For practical reasons, the interval between the interviews was three years. The specific contents of the categories, such as informants’ views about treatment thresholds, may change with alterations of guidelines and other influences. We regard it as a strength that all categories were derived from both group interviews and thus proved to be stable over the period.

This interview study renders information about GPs’ thoughts and views on prescribing, but only their described behaviour. Further studies of real life consultations are needed to explore how GPs and patients handle decision making on cardiovascular preventive drugs. How do the ethical dilemmas of public health epidemiology come to expression in clinical practice where individuals interact?

6. Conclusion

GPs’ prescribing of cardiovascular preventive drugs, from their own descriptions, involved “the patient as calculated” and “the inclination to prescribe,” which were negotiated in the interaction with “the patient in front of me.”

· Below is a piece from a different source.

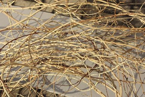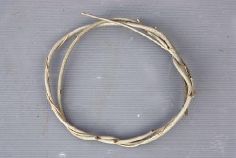 4. Tenkým drátkem pak vyrobený korpus omotáme a tím stáhneme do výsledné podoby. Tento bod nemusíme ale striktně dodržet, jakmile šlahouny uschnou, již se nerozpletou. Přečnívající konce šlahounů odstřihneme tak, aby nikde netrčely z korpusu ven.

In situations with high cardiovascular risk, the GPs described a tendency to adopt a directive consultation style to make the patient adhere to treatment. In situations with low cardiovascular risk, the GPs reported inclination to retreat from the shared decision making model to take on a mainly informative role. Adjustments towards directive consultation styles, regardless of the motive, may decrease patient involvement and have unintended counterproductive results. By adjustments towards informed patient choice in low risk situations, the patients became relatively more responsible when there was great uncertainty on the benefits of preventive drugs. We conclude that these situational adjustments in decision making are understandable, but from the patient’s point of view, neither fully rational nor desirable. With reservation for the degree of transferability of our findings, they may yet serve as a memento for clinicians, and we suggest them to be considered in the training of communication skills. Our findings imply patterns of how the responsibility for decision making is shared between doctors and patients. Further studies of this with regard to drug prescribing should be undertaken in actual clinical interaction.

Acknowledgments

This work was supported by the Research Board of Local Care Eastern Östergötland and the Research and Development Unit of the County Council of Östergötland. The authors are grateful to the GPs who generously participated and shared their thoughts.